龍脈封印儀式~ヒイロカミと祈願の湯

    作者:御剣鋼

    ●龍脈封印の儀式
    「先日の戦いでは誠にお疲れ様でございました。ナミダ姫が灼滅されたことで、スサノオ勢力は壊滅しました」
     また、巨大スサノオの力が他のダークネス組織に奪われることもなく、スサノオの多くも力を失い大地の力に戻っていったと、里中・清政(執事エクスブレイン・dn0122)は付け加える。
    「これ自体はとても良いことなのですが、少々問題が発生致しました。巨大スサノオにスサノオの力。
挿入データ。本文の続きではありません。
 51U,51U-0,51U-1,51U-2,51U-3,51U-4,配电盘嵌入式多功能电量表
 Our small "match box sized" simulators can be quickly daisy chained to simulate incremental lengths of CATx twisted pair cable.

そして、ナミダ姫が奪ったブレイズゲートの力などが、一度に大地に還元されましたことで、大地の力が暴走しかねない状態になってしまったのでございます」
     ガイオウガ及び、スサノオ大神の力の源は『龍脈』と呼ばれる大地の力だという。
     龍脈の力は『フォッサマグナ』とも呼ばれ、日本を真っ二つに引き裂く程の力を秘めていると、執事エクスブレインは眉を寄せた。
    「このまま誰も制御せずに放置した場合、巨大地震や富士山を始めとする、火山の連鎖噴火などの大災害が発生する危険があると、予測されております」
     冬の寒さに似た、ピリっとした空気が張り詰めた時。
     執事エクスブレインは「この危機に対して、頼もしい味方が現れました」と、微笑む。
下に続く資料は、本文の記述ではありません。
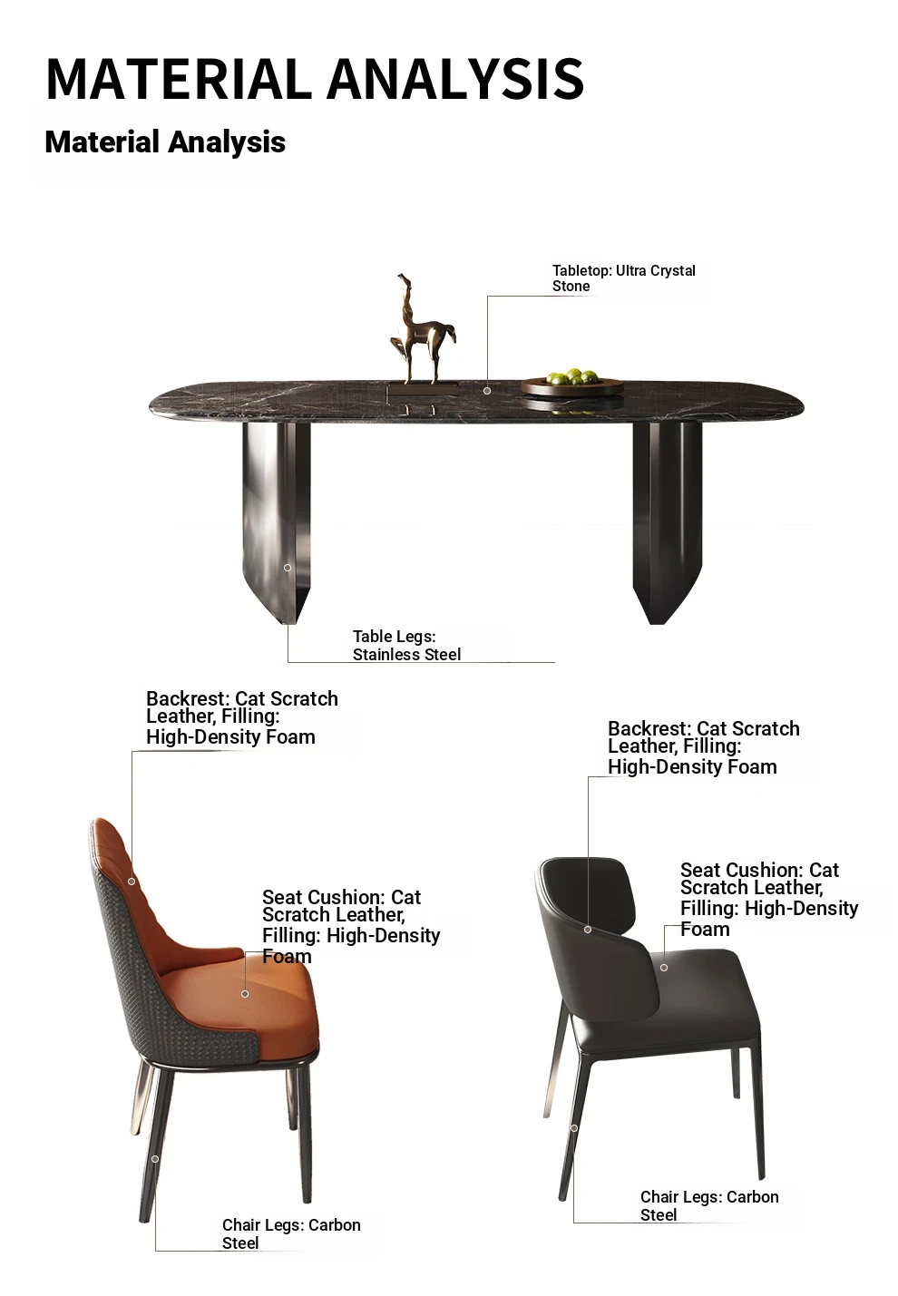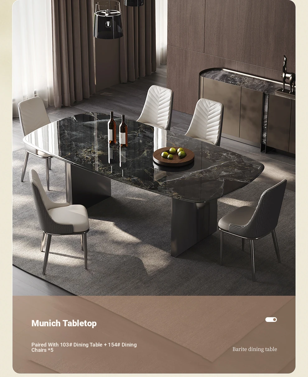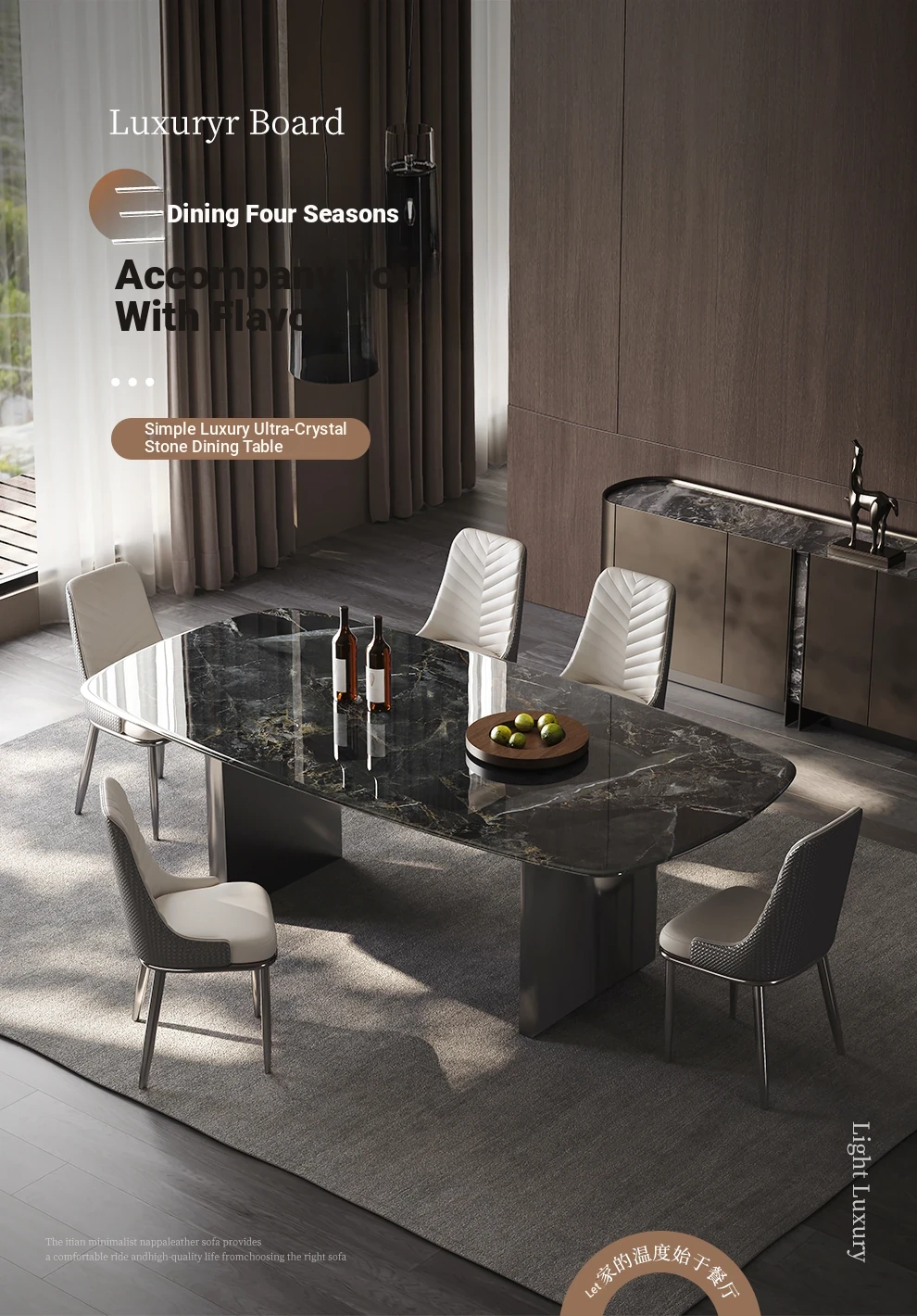 Italian Natural Marble Luxury Micro-Crystal Dining Table Set - Elegant Rectangular Ultra-Crystal Home Dining Table and Chairs Combination for Upscale Interiors

    「武蔵坂学園で保護していた『ガイオウガの尾』が、龍脈の鎮静化と封印を行いたいと申し出てくれました」
     彼らによると、スサノオは龍脈たるスサノオ大神の一部であるため、龍脈の鎮静化が行われれば、スサノオ残党の大半も同時に消滅させることが出来るとのこと。
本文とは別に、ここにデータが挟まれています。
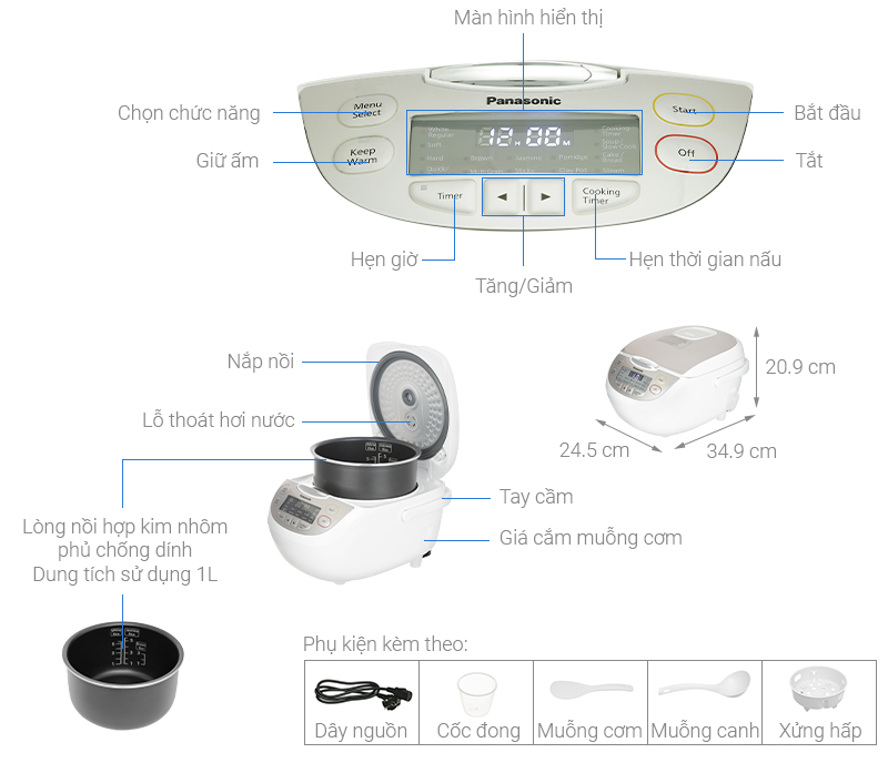 Phụ kiện đi kèm: Muỗng cơm, cốc đong gạo, xửng hấp.

     また、大地の力を封印してしまえば、他勢力も大地の力を利用することが出来なくなり、地震災害なども発生しなくなるという。行わない理由はないだろう。
    「ただ、彼らの力だけでは、封印の儀式は行えません。なので、皆様方に儀式を手伝って欲しいとのことでございます」
     儀式が行われる場所は、自然が豊かな地域にある神社だという。
    「皆様方に儀式をお願いする神社ですが、箱根の山奥にある、とある神社になります」
     儀式を行う日程は『1月1日~1月11日』の間で、同行するイフリート化したガイオウガの尾が地脈の流れをみて、適切なタイミングで行うことになるようだ。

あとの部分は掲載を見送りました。